The main mash then ferments, at approximately 15-20 degree Celsius for 2–3 weeks. With high-grade sake, fermentation is deliberately slowed by lowering the temperature to 10 °C (50 °F) or less. Unlike malt for beer, rice for sake does not contain the amylase necessary for converting starch to sugar and so it must undergo a process of multiple fermentation. The addition of A. oryzae provides the necessary amylases, glucoamylases, and proteases to hydrolyze the nutrients of the rice to support the growth of the yeast(S.cerevisiae). In sake production these two processes take place at the same time rather than in separate steps, so sake is said to be made by multiple parallel fermentation. After fermentation, sake is extracted from the solid mixtures through a filtration process. For some types of sake, a small amount of distilled alcohol, called brewer's alcohol (醸造アルコール), is added before pressing in order to extract flavors and aromas that would otherwise remain behind in the solids. In cheap sake, a large amount of brewer’s alcohol might be added to increase the volume of sake produced. Next, the remaining lees (a fine sediment) are removed, and the sake is carbon filtered and pasteurized.
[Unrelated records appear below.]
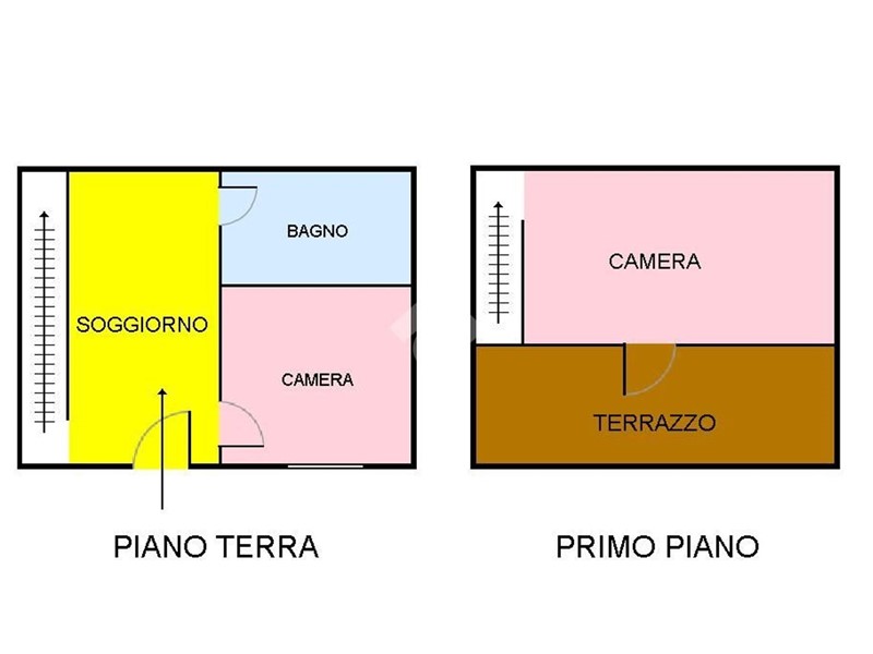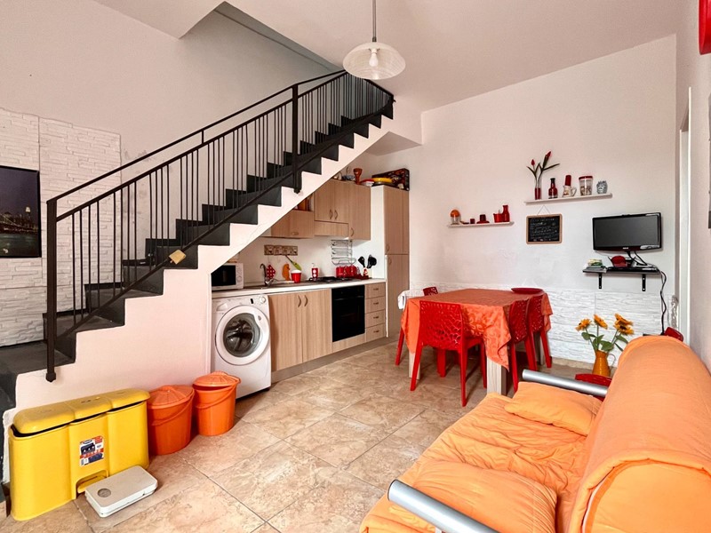 Il piano terra presenta ingresso tramite persiana direttamente su ambiente cucina-soggiorno, dalla quale accediamo a bagno e a camera da letto con finestrata.
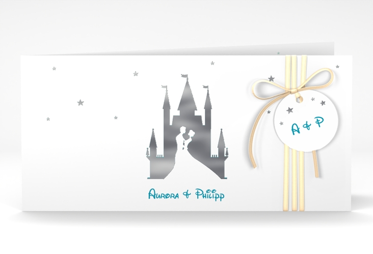 Hochzeitseinladung "Castle" - lange Klappkarte quer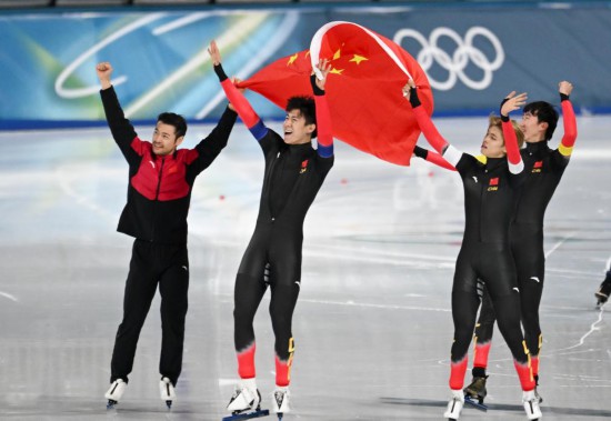2月17日,中国队选手宁忠岩、李文淏、刘瀚彬、吴宇(从左至右)在赛后庆祝。新华社记者 武巍 摄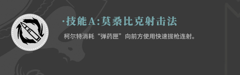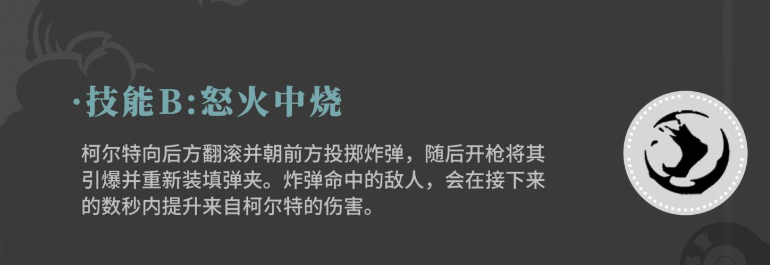 在第一个技能上面,柯尔特可以带来莫桑比克射击法,这个技能的效果一样也是跟前面的弹药匣相关联,此时需要提前将弹药匣里面的火力都充能起来,积累足够的数值之后,柯尔特使用这个技能一就可以消耗其中弹药匣的数值,来向前方使用一个连射的攻击,此时的连射速度也是非常快的,第二个技能叫做怒火中烧,这个技能则是要有一个前摇动作,使用怒火中烧的时候,柯尔特会先向后方翻滚一下,此时对前方造成的射击是投掷的动作。

The sake is allowed to rest and mature and then usually diluted with water to lower the alcohol content from around 20% to 15% or so, before finally being bottled.
Maturing
The process during which the sake grows into a quality product during storage is called maturing. Mature sake has reached its ideal point of growth. New sake is not liked because of its rough taste, whereas mature sake is mild, smooth and rich. However, if it is too mature, it also develops a rough taste. Nine to twelve months are required for sake to mature. Aging is caused by physical and chemical factors such as oxygen supply, the broad application of external heat, nitrogen oxides, aldehydes and amino acids, among other unknown factors. It is said that Saussureae radix from the Japan cedar material of a barrel containing maturing sake comes to be valued, so the barrel is considered indispensable. Special-designation sake, there are two basic types of sake: Futsū-shu (普通酒?, Ordinary sake) and Tokutei meishō-shu (特定名称酒?, special-designation sake). Futsū-shu is the equivalent of table wine and accounts for the majority of sake produced. Tokutei meishō-shu refers to premium sakes distinguished by the degree to which the rice has been polished and the added percentage of brewer's alcohol or the absence of such additives. There are eight varieties of special-designation sake.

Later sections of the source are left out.